Вокруг царевичей уже теснились, поднявшись со своих мест у костра, их друзья и вожди, с любопытством разглядывая содержимое боспорского ларца. Палак поднимал одну за другой рассыпанные вокруг него посудины и, повертев в руках, передавал сидящему справа Лигдамису, тот - Эминаку, а Эминак - Марепсемису.
– Это что же - боспорский царь такой бедный, что у него не нашлось для нашего отца даже пары золотых посудин?
– скорчил презрительную мину Эминак, разглядывая изящный бронзовый светильник в виде лебедя.
– Он не бедный - он жадный!
– возразил царевичу кто-то из стоящих у него за спиной.
– А может Перисад не знает, что повелителю скифов следует дарить только золото?
– предположил другой.
– Наверно жирный боспорский боров решил, что раз Скилур мёртв - со скифами теперь можно не считаться, - грозно возвысил голос старший из братьев.
– Он прислал этот медный хлам нарочно, чтобы выказать нам своё презрение. И он должен быть жестоко наказан за это!

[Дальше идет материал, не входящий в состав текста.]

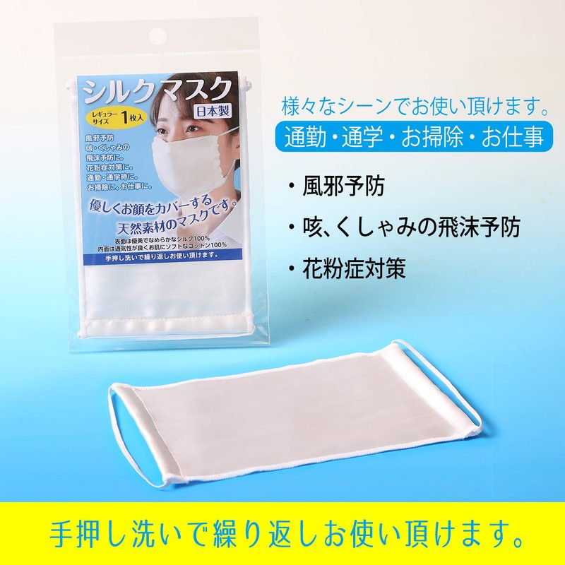 Ishimizu Silk Mask (Regular Size) Size: Approx. 4.7 x 6.9 inches (12 x 17.5 cm).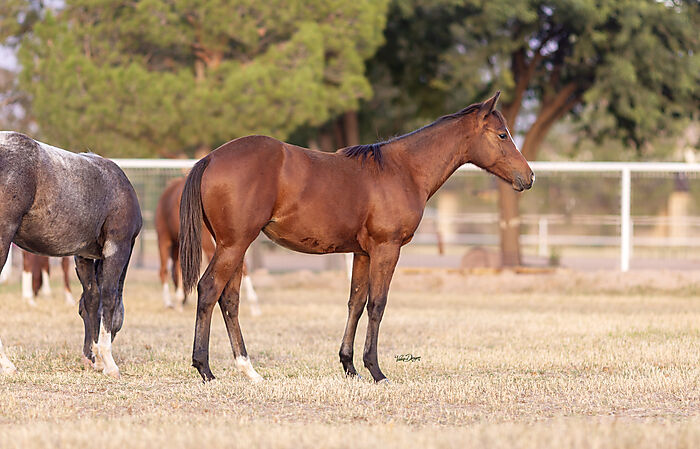 Flashy Bay Filly out of Reychel Cat (NCHA LTE $33,800) by the great Badboonarising. She's quick footed and athletic, wants to get her butt in the ground and scoot around. She's built like one should be.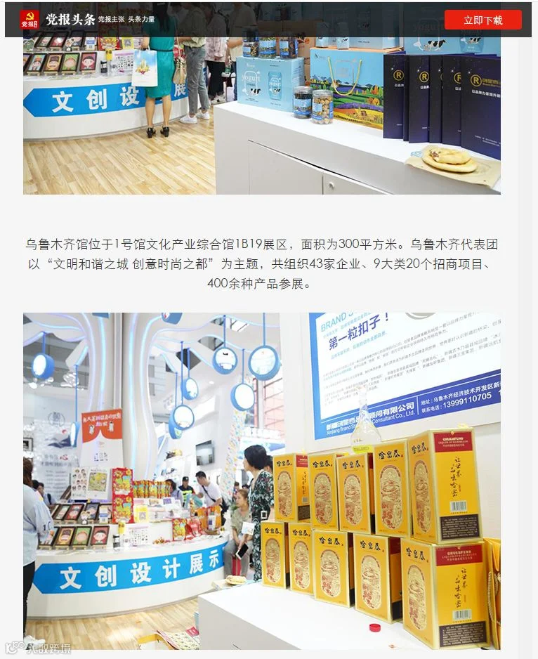 乌鲁木齐馆位于1号馆文化产业综合馆1B19展区,面积300平方米,展馆分为七个版块,通过一件件文化特色展品讲述乌鲁木齐文明、和谐、创意、时尚的故事。爵封哈密瓜酒作为新疆特色品牌好礼亮相了此次文博会。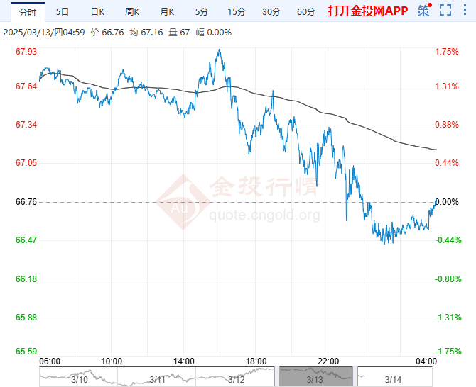 礼拜三(3月12日)亚盘时段,美原油价值目前交投于66.5美元/桶相近。昨日美元指数创下四个月新低,邦际原油价值崭露小幅走高。但目前市集对环球经济增加顾忌加剧,以及乌克兰方面称容许停火30天,油价涨幅受限。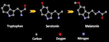What food chemistry can we use to help our sleeping? It is the amino acid tryptophan that the brain turns into the neurotransmitter serotonin that relaxes you to get you ready for sleep. You can increase the tryptophan levels in your brain to increase serotonin production by eating a high protein snack several hours before bedtime followed by half of a banana or some grapes or cherries. The natural sugar in these fruits increases the uptake of the tryptophan by the brain, plus these fruits have natural melatonin in them. The brain then transforms the serotonin into melatonin - the sleep hormone in the pineal gland. This production is shut down by light at night - particularly light in the blue wavelengths. Some people have found that wearing blue-blocker sunglasses or goggles in the evening improves their melatonin production allowing them to sleep better.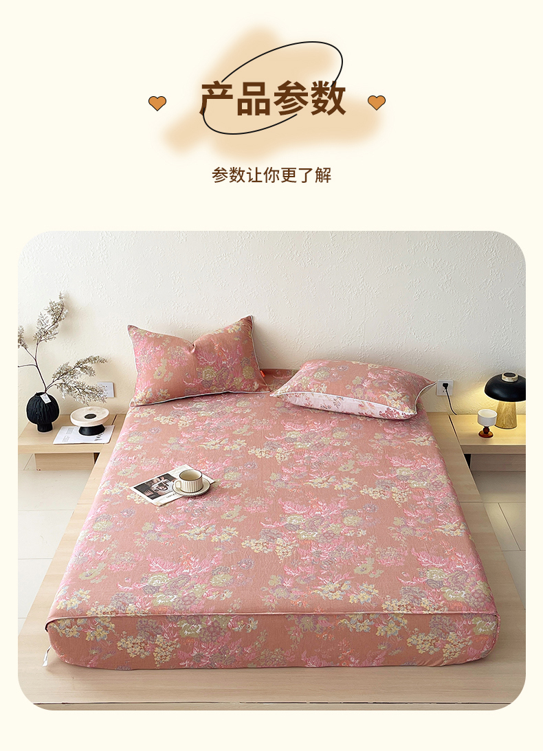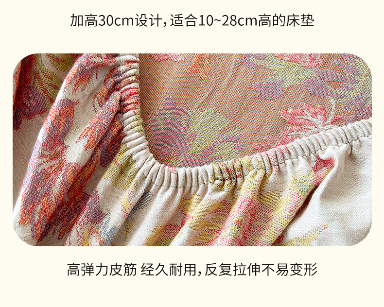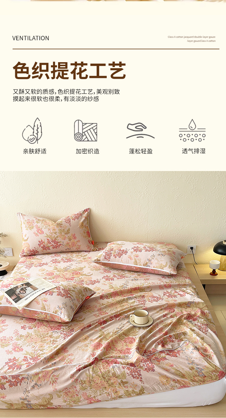商品名称:春皖家纺 2026春夏新款(正反两用)A类提花双层纱单床笠 霞沫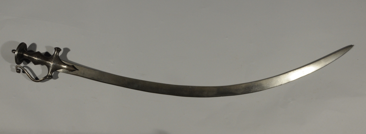 INDE. SABRE dit TALWAR. Poignée et monture en fer, garde une branche à deux quillons et oreilles. Lame courbe à dos plat.
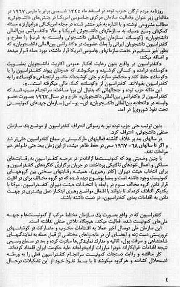 فراتر از آن مقاله علیه کنفدراسیون دانشجویان ایرانی است. واقعیت این است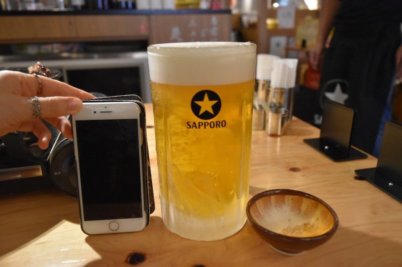 頼むと、ビールをなみなみと注いだ巨大ジョッキが運ばれてきました。iPhone8を横に置いてみましたが、めちゃくちゃでかいです。ジョッキの重さは1キロ、ビールは1ℓ。1ℓ=1キロなので、合計2キロです。そらでかいはずです。運動不足の私は、片手で持てませんでした。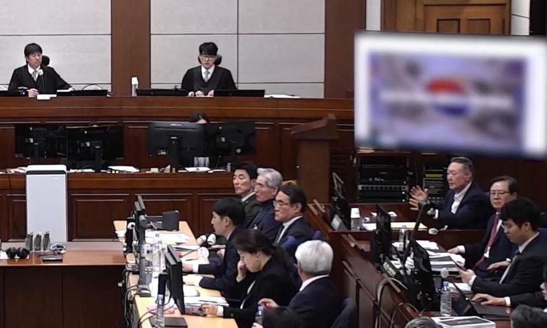 윤석열 전 대통령이 지난 13일 서울 서초구 서울중앙지방법원에서 진행된 내란 우두머리 혐의 2차 결심공판에 출석해 재판부에 의견을 전달하고 있다. 서울중앙지방법원 제공 영상 캡처 |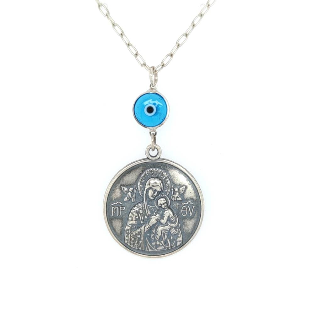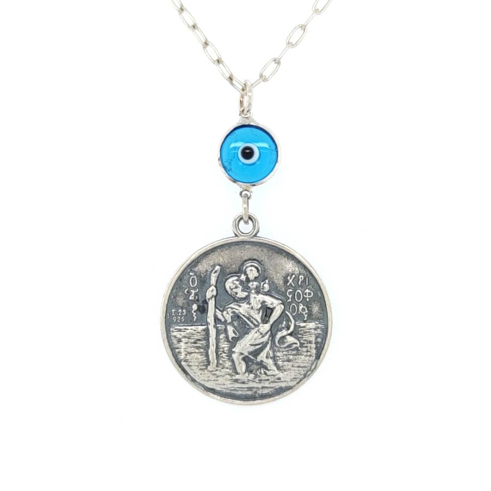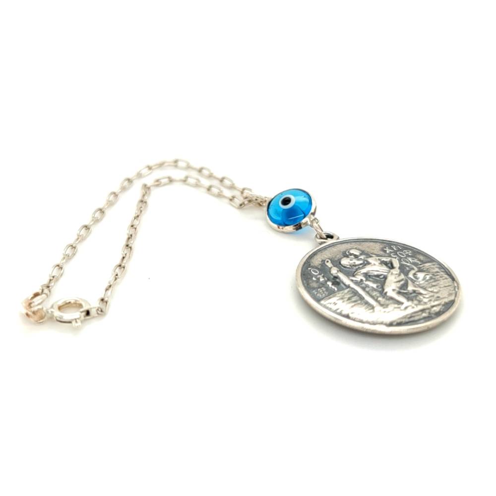 Car charm silver (925°),double-side Saint Christopher – Virgin Mary and evil eye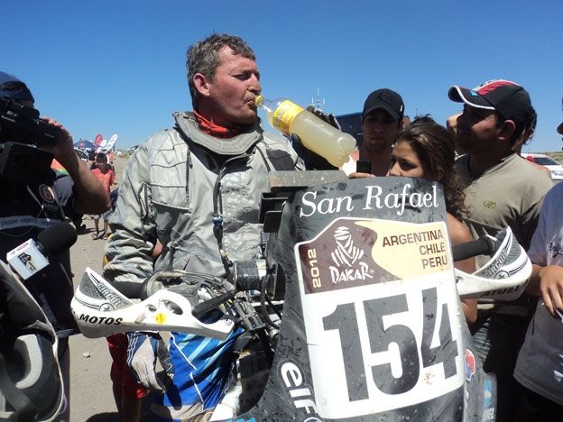La preparación física. “Cuento con un personal trainer con quien me entreno diariamente. Estuve en el Six Day buscando ritmo pero por lo general salgo en la moto. Es fundamental estar bien, sobre todo por la manera en la que voy a encarar. Se descansa poco, si rompes casi no dormís, entonces hay que llegar lo mejor posible”. El Kato se hidrata luego de culminar una especial del Dakar 2012.
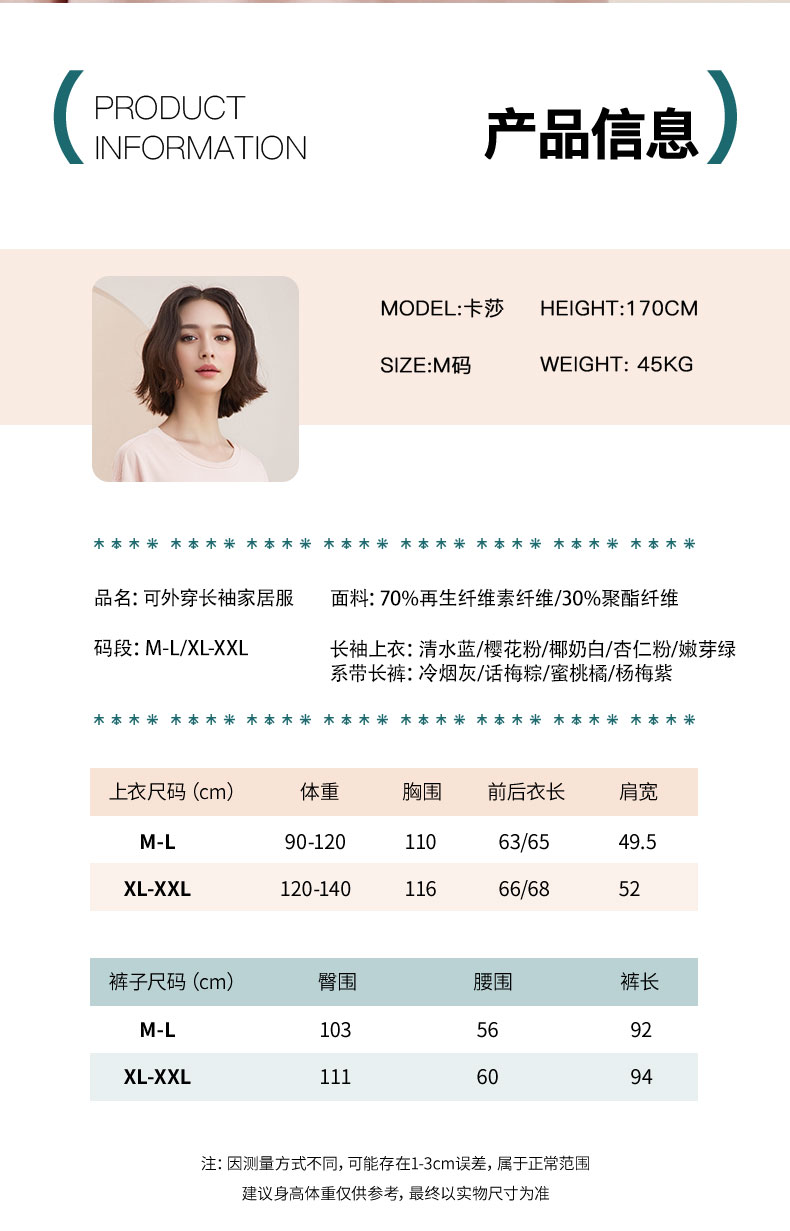 MUBENM秋款成人椰油家居服-简约宽松长袖套装女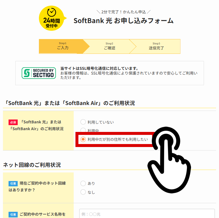 既にソフトバンク光を契約中で同一名義で2回線目以上(複数契約)の申し込みとなる場合には[利用中だが別の住所でも利用したい]にチェックを入れてください。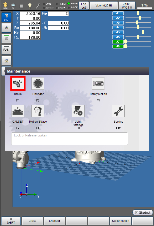 Press the button of the joint for which the brake is to be released. The indicator of the button turns into "Free".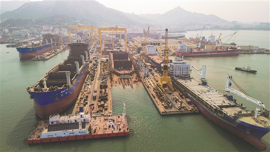 目前,山东省荣成市造船企业厂区内一派繁忙景象,工人们抓紧建造各类大型船舶。近年来,荣成市积极推动船舶工业高质量发展,目前已具备年制造整船100万载重吨,修船1000艘次的产能,产品包括集装箱船、多用途重吊船、豪华客滚船、冷藏运输船、散货船、渔船等。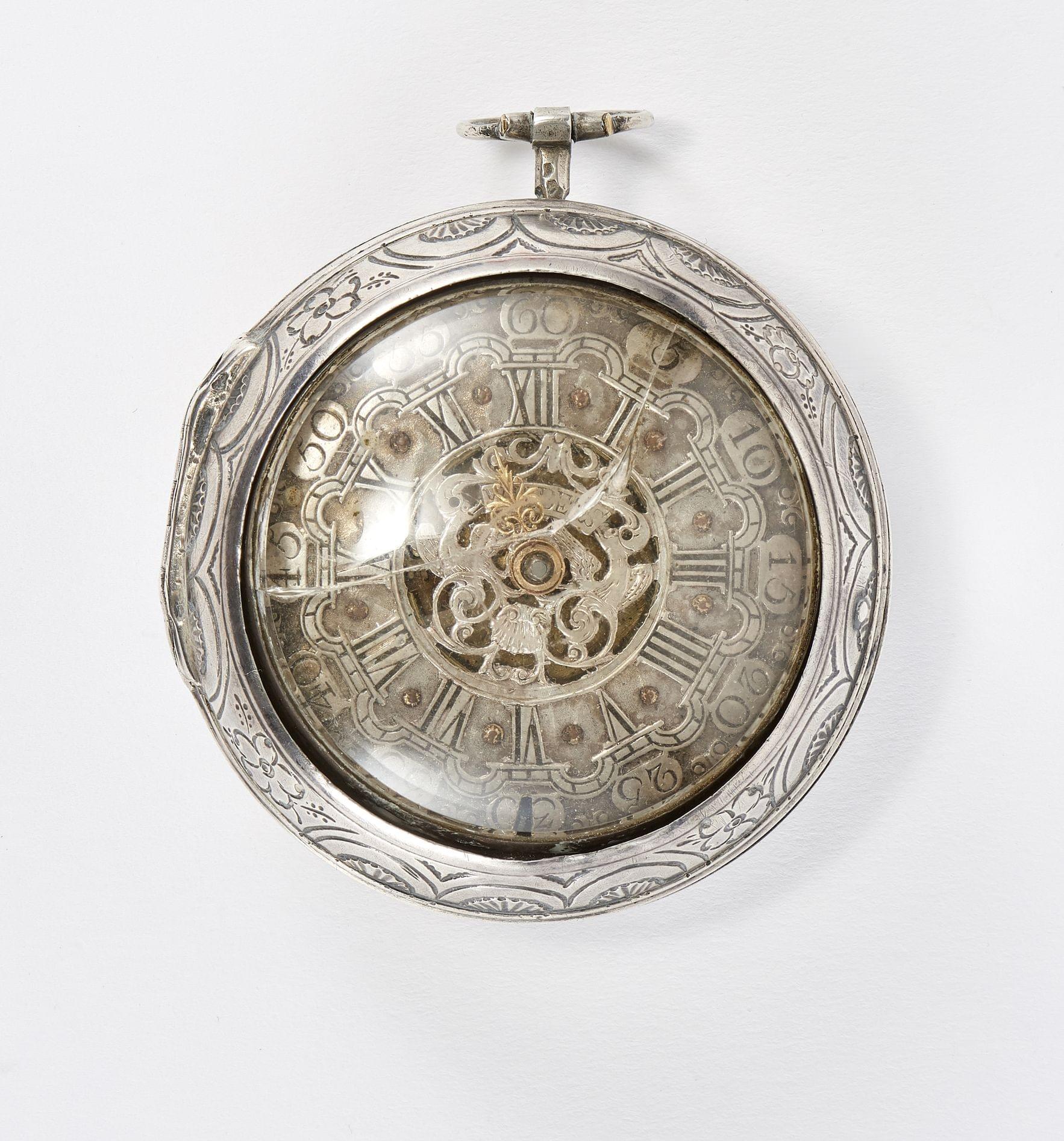 Cadran gris ajouré à décor de phénix, chiffres romains noirs en serlienne, Londres, dans son double boîtier à décor de scène mythologique, argent, D 5 cm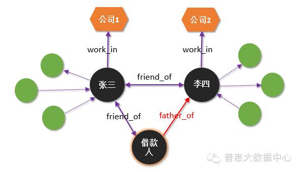 现实中,不少借款人在借款成功后出现不还款现象,而且玩“捉迷藏”,联系不上本人。即便试图去联系借款人曾经提供过的其他联系人,但还是没有办法联系到本人。这就进入了所谓的“失联”状态,使得催收人员也无从下手。那接下来的问题是,在失联的情况下,我们有没有办法去挖掘跟借款人有关系的新的联系人? 而且这部分人群并没有以关联联系人的身份出现在我们的知识图谱里。如果我们能够挖掘出更多潜在的新的联系人,就会大大地提高催收成功率。举个例子,在下面的关系图中,借款人跟李四有直接的关系,但我们却联系不上李四。那有没有可能通过2度关系的分析,预测并判断哪些李四的联系人可能会认识借款人。这就涉及到图谱结构的分析。
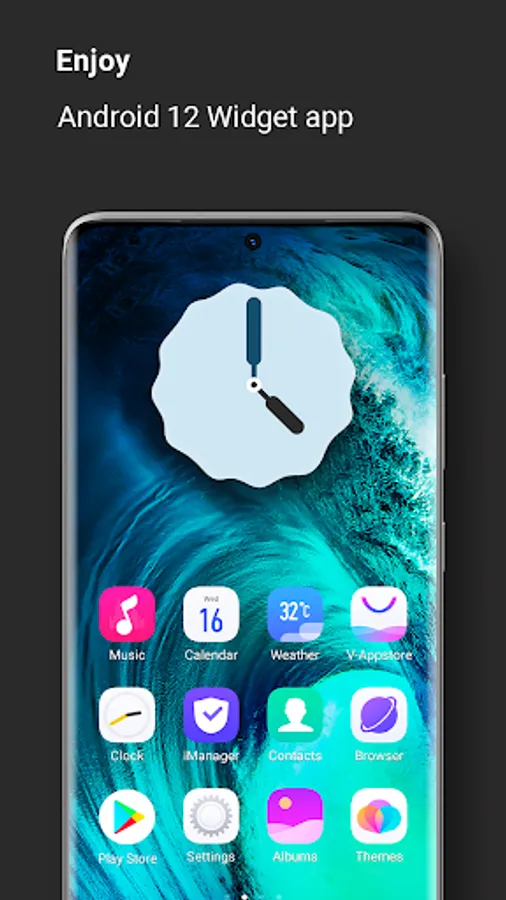 This app provides clock widgets, display android 12 o'clock widgets, and battery widgets, battery percentage in the same style as those found on Android 12, and an "android 12 clock widgets" is a self contained app that does not require the use of any other apps in order to set up widgets.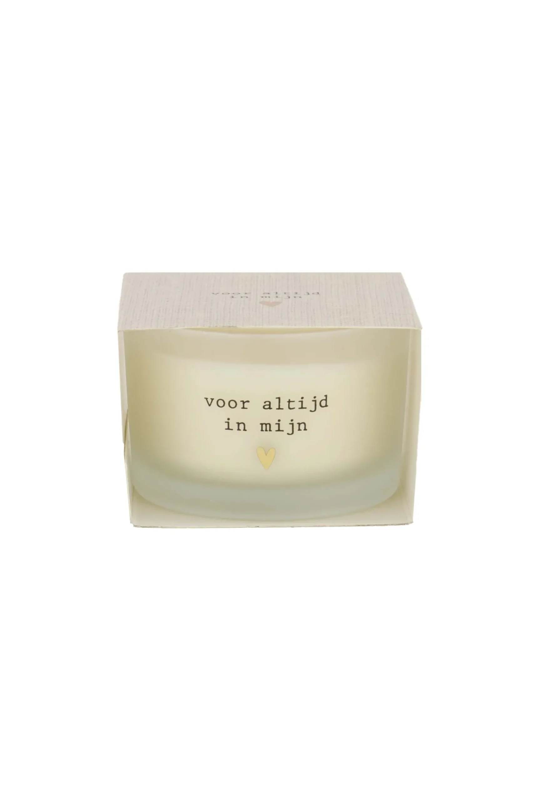 Zusss geurkaars in wikkel altijd in mijn hart linnen|Deze geurkaars van Zusss ziet eruit als een hart onder de riem. Om de geurkaars zit een wikkel in de kleur peper en zout met daarop de tekst: voor altijd in mijn hart. Het glaasje heeft een diameter van 7,5cm en is 7,5cm hoog. Een mooi kadootje om iemand sterkte mee te wensen.|Zusss: basic, stoer, uniek en een tikkeltje eigenwijs.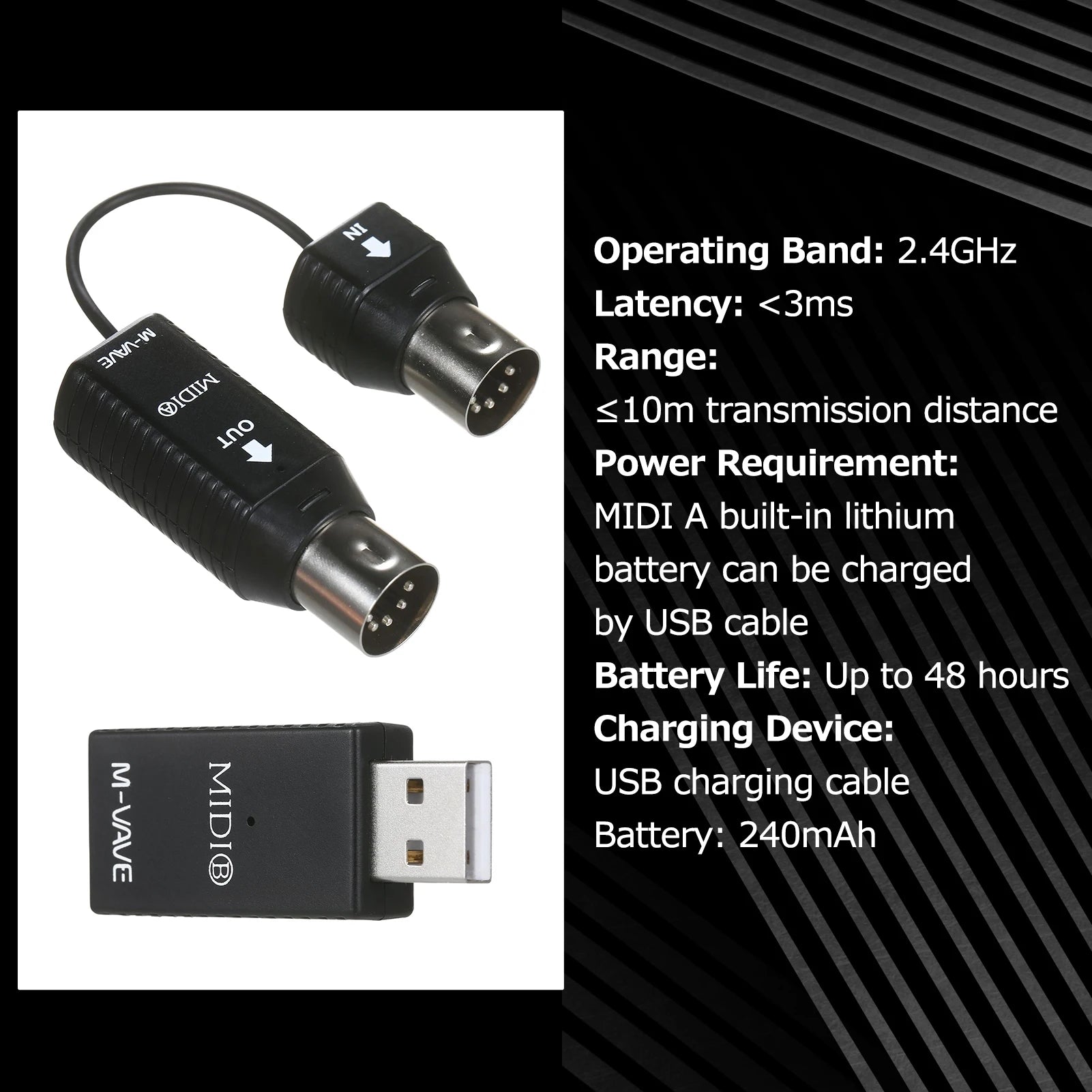 M-VAVE MS1 Mini Wireless Transmission System MIDI System MIDI Wireless Adapter Plug and Play Support Wins System Smart Phone

– Полагаю, царь Перисад в этом не повинен, - спокойно возразил старшему брату Лигдамис.
– Я уверен, что настоящие золотые царские дары подменили его послы. И я даже знаю, кто это сделал. Вспомните: феодосийский номарх Лесподий и вождь сатавков Оронтон не выказывали у нашего костра ни малейшего беспокойства, зато купец Полимед сидел, будто на горячих углях. И вовсе не потому, что ему не терпилось в бурьяны, как предположил Марепсемис, а потому, что он боялся, что мы захотим при нём взглянуть на дары боспорского царя. У меня нет никаких сомнений, что именно он заменил настоящие царские дары на эти безделушки втайне от двух других послов.
Рассуждения Лигдамиса показались всем более чем убедительными.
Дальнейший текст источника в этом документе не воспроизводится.